**Brief:** Retype the material that follows exactly, limited to the lines from the one with "Коробка для 12" through the one with "Эти удобные трикотажные", and keep out all pictures.

---- Records supplied

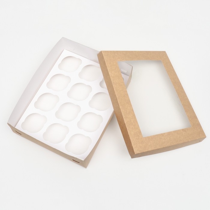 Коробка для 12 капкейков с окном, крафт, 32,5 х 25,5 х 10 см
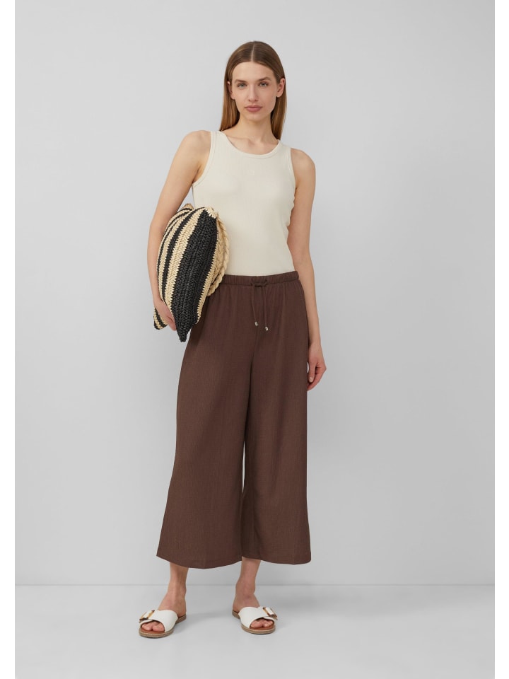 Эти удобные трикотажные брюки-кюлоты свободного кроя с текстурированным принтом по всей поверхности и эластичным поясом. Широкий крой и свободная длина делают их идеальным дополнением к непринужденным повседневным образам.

--------
---- Records supplied

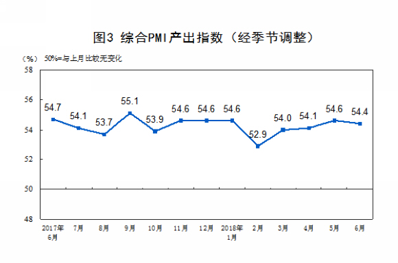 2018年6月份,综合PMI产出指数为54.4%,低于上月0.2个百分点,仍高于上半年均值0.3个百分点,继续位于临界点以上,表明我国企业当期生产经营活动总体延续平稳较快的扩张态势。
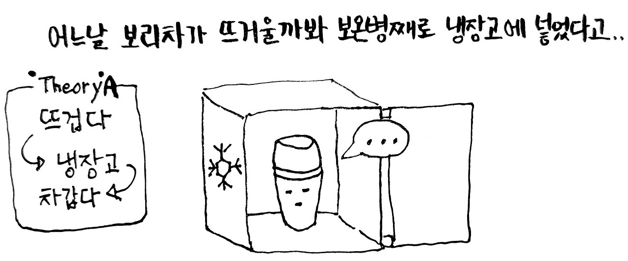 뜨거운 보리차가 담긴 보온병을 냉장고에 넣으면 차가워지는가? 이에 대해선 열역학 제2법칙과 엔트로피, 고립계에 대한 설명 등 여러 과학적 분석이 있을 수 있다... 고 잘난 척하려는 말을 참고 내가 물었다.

--------
---- Records supplied

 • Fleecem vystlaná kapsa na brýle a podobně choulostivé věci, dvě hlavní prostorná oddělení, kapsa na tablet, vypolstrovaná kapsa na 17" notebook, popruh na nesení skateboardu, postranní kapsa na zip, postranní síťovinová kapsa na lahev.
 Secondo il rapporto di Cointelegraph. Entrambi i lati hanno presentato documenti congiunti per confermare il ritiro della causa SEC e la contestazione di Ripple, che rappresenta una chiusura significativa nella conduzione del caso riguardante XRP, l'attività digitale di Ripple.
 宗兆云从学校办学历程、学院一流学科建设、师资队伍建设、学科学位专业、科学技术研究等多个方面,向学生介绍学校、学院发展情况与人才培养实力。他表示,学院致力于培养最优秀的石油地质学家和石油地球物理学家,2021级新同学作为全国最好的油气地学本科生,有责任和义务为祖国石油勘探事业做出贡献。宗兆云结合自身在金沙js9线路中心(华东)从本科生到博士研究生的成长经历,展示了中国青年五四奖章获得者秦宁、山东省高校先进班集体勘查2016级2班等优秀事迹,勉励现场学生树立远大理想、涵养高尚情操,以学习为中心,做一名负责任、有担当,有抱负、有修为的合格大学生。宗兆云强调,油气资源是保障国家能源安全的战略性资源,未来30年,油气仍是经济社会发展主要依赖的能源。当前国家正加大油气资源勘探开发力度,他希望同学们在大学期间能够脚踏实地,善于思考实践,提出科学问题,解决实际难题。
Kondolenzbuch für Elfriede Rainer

--------

**Your solution:**
 Коробка для 12 капкейков с окном, крафт, 32,5 х 25,5 х 10 см
 Эти удобные трикотажные брюки-кюлоты свободного кроя с текстурированным принтом по всей поверхности и эластичным поясом. Широкий крой и свободная длина делают их идеальным дополнением к непринужденным повседневным образам.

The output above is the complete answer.